Yeah this one hurts. When I started using NVivo for my research, I thought that I had nailed the basics. All I had to do to code was right click and select the code button, right?

Wrong.

Had I been bold enough to watch their (very) helpful tutorial videos, I would’ve known straight away that there is a MUCH easier way to code your files. Simply select the text or region and drag it over to the code it. Easy. I did find this process VERY difficult on a laptop’s track-pad, so I made a sensible investment in a wireless mouse. So many hours wasted, but hopefully you won’t ever find yourself in my situation.

Iterating your Coding

After I had finished an initial draft of my literature review and methodology, I thought I was set to start coding the themes that had emerged from my research. Not only that, I thought these themes would be the ONLY interesting themes and that they would be easily discernible and distinct from each other.

So, after a few hours of coding, I thought I was finished. Yep. It was as easy as that.

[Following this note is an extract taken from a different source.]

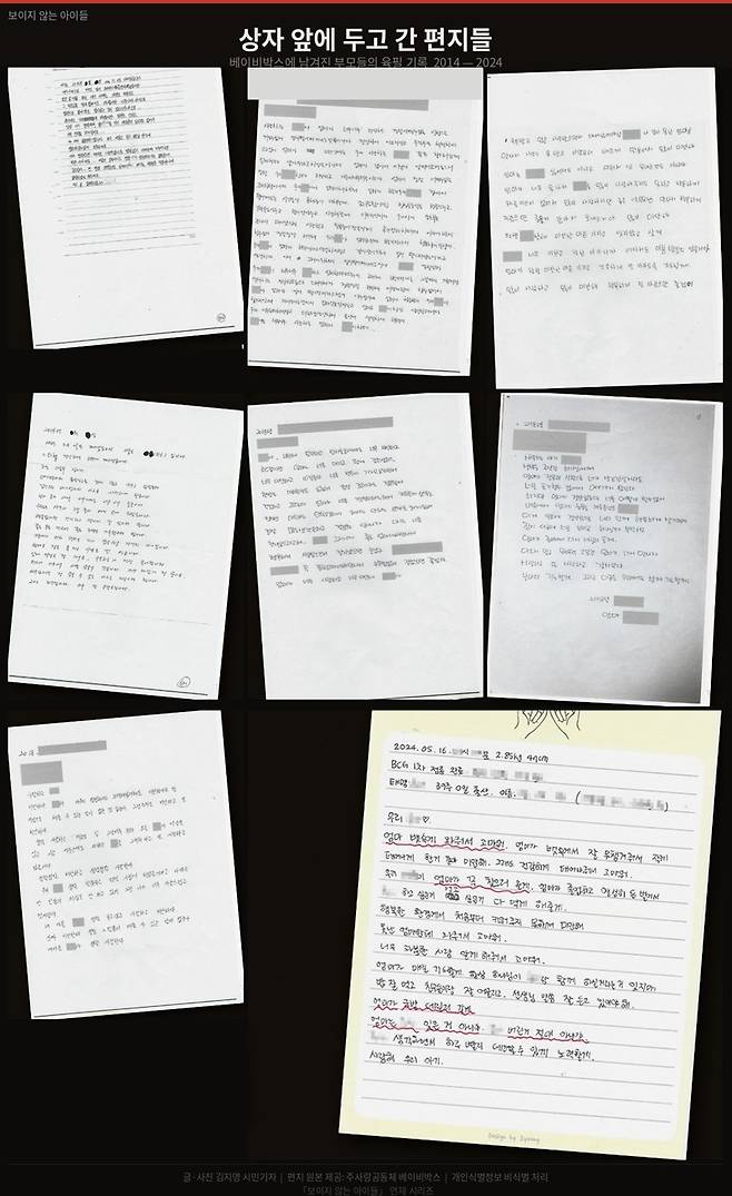 덧붙이는 글 | **[참고 통계 출처]** - 재단법인 주사랑공동체, 「기자&방송 인터뷰 관련 정보제공 — 베이비박스 현통계(2026년 1월 기준)」 - 보건복지부, 「보호대상아동 현황보고」 연도별 (2020~2024) - 보건복지부, 「2024년 출생통보제 및 위기임신보호출산제 시행 실적」 (2025) - 통계청, 「출생통계」 연도별 출생아 수 (2015~2024) - 서울신문 (2022), 경찰청 영아유기 접수·기소 통계 보도 - 아동복지법, 입양특례법, 위기임신보호출산법 관련 조항 *이 기사에 수록된 편지는 주사랑공동체의 협조로 제공되었으며, 아동 및 부모의 신원을 특정할 수 있는 모든 개인정보는 익명 처리하였습니다.*

It dawned on me pretty quickly after a few meetings with my supervisor that I had a lot more work to do. When I learnt this, I was pretty bummed out. Surely I had done something wrong if I had to go back into my code and do it again? Wrong.

Reiterating your coding is one of the most useful things I did as part of my research. Reiteration is research. It gives you space to refine and reflect on your research and the relevance of it to your research question. I was able to go back into my codes, reorganise them, and discover new themes and relationships that had never crossed my mind during the early stages of analysis.

NCapture

If you use Zotero then you’ll like the look of NCapture. NCapture is a cute little extension that allows you to capture web pages to import into NVivo. This doesn’t sound like a whole lot of functionality, but I can help out a lot.

I was having to save my newspaper articles manually by grabbing them from the web (scraping wasn’t working). This took a lot of time, and I wasn’t happy with the end result a lot of the time. Text would be missing, and the pages would be poorly formatted.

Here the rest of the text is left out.